[What to do]
Repeat exactly the lines of the entries below from the one with "Alle Applikationen, Nähte" through the one with "全市共发生生产安全事故132", both ends included, and nothing else.

[Excerpted data]

---

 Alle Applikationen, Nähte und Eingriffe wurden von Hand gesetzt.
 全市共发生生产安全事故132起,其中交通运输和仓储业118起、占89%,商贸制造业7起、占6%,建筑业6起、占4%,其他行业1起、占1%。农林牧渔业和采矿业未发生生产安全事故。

---

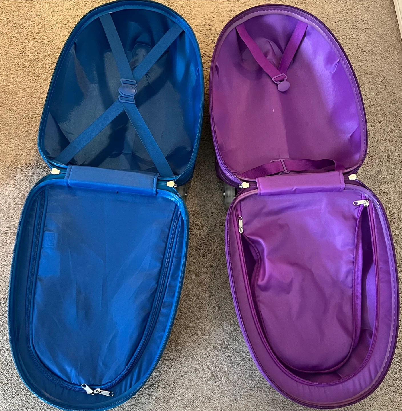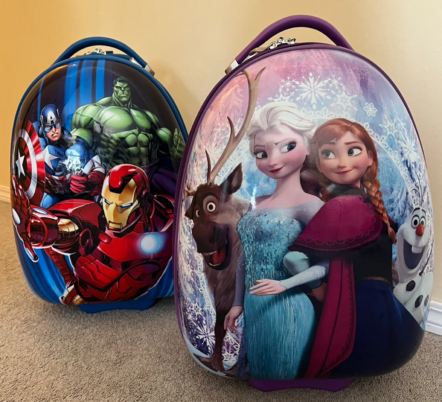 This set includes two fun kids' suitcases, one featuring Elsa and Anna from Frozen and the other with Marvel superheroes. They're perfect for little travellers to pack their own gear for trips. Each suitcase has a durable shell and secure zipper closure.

---

[Answer space]
 Alle Applikationen, Nähte und Eingriffe wurden von Hand gesetzt.
 全市共发生生产安全事故132起,其中交通运输和仓储业118起、占89%,商贸制造业7起、占6%,建筑业6起、占4%,其他行业1起、占1%。农林牧渔业和采矿业未发生生产安全事故。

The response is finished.